Magistrado ponente: Pedro Octavio Munar Cadena

Decreto 089 de 2005Decreto 2591 de 1991Ley 140 de 1994

CORTE SUPREMA DE JUSTICIA CORTE SUPREMA DE JUSTICIA SALA DE CASACIÓN CIVIL Magistrado Ponente: PEDRO OCTAVIO MUNAR CADENA Bogotá, D.C., veintiséis (26) de septiembre de dos mil ocho (2008). REF.- Exp. T. No.11001 02 03 000 2008 01508 -00 Decídese la acción de tutela instaurada por la sociedad Promotora Sotomayor S.A. contra la Sala Civil-Familia del Tribunal Superior del Distrito Judicial de Bucaramanga, integrada por los magistrados Omar José Amado Ariza, Antonio Bohórquez Orduz y Ramón Alberto Figueroa Acosta, y el Juzgado Séptimo Civil del Circuito de esa misma ciudad.

EL RECLAMO CONSTITUCIONAL Y SU FUNDAMENTO 1. La sociedad accionante, quien actúa por conducto de apoderada judicial, demanda la protección constitucional del derecho fundamental al debido proceso, presuntamente vulnerado por los funcionarios judiciales al proferir la sentencia de 19 de diciembre de 2007 y 19 de junio de 2008, respectivamente, dentro de la acción popular instaurada en su contra por Linnette Andrea Gutiérrez Gonzalez y Guillermo Rosso Bautista. 2.

Expone la peticionaria, en síntesis de su extenso escrito, que los mencionados demandantes entablaron la referida acción con miras a obtener la protección de los derechos colectivos de los asociados a gozar de un ambiente sano, supuestamente vulnerados por la sociedad demandada por colocar vallas de publicidad sobre la cubierta del proyecto de construcción denominado “Conjunto Residencial Parque Central –II Etapa”. 3.

Que los fallos censurados desconocieron la sentencia C- 535 de 1996, mediante la cual la Corte Constitucional condicionó la exequibilidad de algunos artículos de la Ley 140 de 1994, aclarando que el artículo 11 de dicha ley “no consagra la obligatoriedad de la obtención de un permiso previo para la colocación de vallas y por lo tanto, salvo disposición municipal en sentido contrario, no es exigible permiso alguno, porque la norma legal no lo consagra”. 4.

Que de igual manera, los juzgadores de instancia valoraron “incorrectamente ” la negativa de la Administración Municipal de otorgar el respectivo permiso, “ trasladando las posibles consecuencias dañosas de su omisión o error al administrado ”; desconocieron las pruebas aportadas sobre el cumplimiento de las normas ambientales y profirieron una decisión sin “ motivación ”. 5.

Que fuera de lo anterior, el Tribunal “se apartó de la posición adoptada en los últimos fallos emitidos en procesos por acciones populares relativas a avisos sin una argumentación suficiente”, particularmente, el dictado dentro del expediente instaurado por Juan Carlos Alonso contra Construcciones O & P Ltda. por la construcción del mismo proyecto, en el que dicha Corporación concluyó que no existía vulneración al derecho colectivo. 6.

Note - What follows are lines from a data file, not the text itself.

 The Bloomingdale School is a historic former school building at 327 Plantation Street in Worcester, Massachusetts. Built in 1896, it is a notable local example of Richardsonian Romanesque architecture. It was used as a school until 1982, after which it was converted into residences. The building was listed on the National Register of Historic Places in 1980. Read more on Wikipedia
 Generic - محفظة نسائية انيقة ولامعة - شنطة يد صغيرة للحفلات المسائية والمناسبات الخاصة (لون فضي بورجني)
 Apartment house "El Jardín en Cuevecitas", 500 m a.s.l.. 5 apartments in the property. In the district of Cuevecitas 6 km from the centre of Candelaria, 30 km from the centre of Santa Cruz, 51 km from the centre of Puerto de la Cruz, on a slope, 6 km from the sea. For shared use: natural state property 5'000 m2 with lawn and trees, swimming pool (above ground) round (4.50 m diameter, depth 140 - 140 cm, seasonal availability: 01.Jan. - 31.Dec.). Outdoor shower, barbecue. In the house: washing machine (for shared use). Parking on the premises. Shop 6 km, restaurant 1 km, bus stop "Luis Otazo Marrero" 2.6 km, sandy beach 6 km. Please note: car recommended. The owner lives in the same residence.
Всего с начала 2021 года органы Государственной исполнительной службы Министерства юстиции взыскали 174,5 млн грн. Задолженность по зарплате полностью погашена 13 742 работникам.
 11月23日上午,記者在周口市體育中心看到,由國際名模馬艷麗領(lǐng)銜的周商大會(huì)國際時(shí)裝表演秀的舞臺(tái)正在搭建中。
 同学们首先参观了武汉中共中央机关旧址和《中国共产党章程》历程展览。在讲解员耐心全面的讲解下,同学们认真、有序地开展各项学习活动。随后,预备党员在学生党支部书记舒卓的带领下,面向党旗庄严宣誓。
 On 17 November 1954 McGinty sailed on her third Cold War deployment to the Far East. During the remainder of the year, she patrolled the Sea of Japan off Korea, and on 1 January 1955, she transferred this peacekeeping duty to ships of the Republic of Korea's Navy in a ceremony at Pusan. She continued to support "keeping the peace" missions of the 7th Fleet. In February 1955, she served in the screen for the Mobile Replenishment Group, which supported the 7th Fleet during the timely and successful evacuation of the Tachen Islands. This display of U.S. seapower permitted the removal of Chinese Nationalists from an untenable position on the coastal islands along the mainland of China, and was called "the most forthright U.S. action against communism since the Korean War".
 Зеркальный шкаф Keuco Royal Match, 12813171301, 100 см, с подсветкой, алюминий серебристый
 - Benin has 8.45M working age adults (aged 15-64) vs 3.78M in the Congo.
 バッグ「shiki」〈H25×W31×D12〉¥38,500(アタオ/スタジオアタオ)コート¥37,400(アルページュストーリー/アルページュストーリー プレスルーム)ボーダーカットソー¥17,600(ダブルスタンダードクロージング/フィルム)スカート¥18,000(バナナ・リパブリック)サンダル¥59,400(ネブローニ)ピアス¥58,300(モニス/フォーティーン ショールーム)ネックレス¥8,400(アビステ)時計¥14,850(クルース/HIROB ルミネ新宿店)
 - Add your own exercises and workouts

Que el Tribunal tampoco tuvo en cuenta el planteamiento que formuló en su defensa en el sentido de que cuando fue citada para que compareciera a notificarse del auto admisorio, agosto 31 de 2006, ya se habían retirado los avisos a que se refería el libelo. 7. Solicita que se revoquen las sentencias censuradas y, en su lugar, “ se determine que no hubo vulneración de los derechos colectivos” y que se ordene al actor popular que restituya el incentivo y el valor de las costas, en caso de que la sociedad accionante ya los hubiese pagado, incluidos los intereses hasta cuando se haga efectiva su devolución. LA RESPUESTA DE LAS AUTORIDADES ACCIONADAS El Tribunal informó que al desatar el recurso de apelación interpuesto por ambas partes, modificó el fallo de primera instancia, en el sentido de ordenar que el incentivo se liquidara en salarios mínimos legales mensuales del año de 2005 por corresponder a la fecha de presentación de la demanda y condenó en costas a la sociedad demandada; que si bien ha considerado que el incumplimiento de las normas que regulan la exhibición de publicidad exterior “ no constituye per se la vulneración de derechos colectivos, para el caso bajo estudio, la colocación indiscriminada de elementos publicitarios si lo hacía”.

Solicitó que se denegara la acción de tutela, por cuanto “ las actuaciones surtidas en el trámite de la impugnación de la sentencia proferida por el Juzgado Séptimo Civil del Circuito de Bucaramanga, se ajustan a derecho, así como la decisión adoptada.” A su turno, el juzgado expresó que los fundamentos fácticos y jurídicos de la decisión adoptada se encuentran contenidos en la sentencia dictada en primera instancia y confirmada, parcialmente, por el Tribunal.

CONSIDERACIONES 1. El Tribunal en la providencia censurada, tras citar las normas que gobiernan el asunto sometido a su decisión y analizar las pruebas recaudadas, concluyó que las pretensiones de la demanda estaban llamadas a “prosperar totalmente” por haberse probado la vulneración de los derechos colectivos y “se encuentran demostrados los gastos que debió asumir el accionante en el trámite de la primera instancia, razón por la cual se efectuará la respectiva condena”.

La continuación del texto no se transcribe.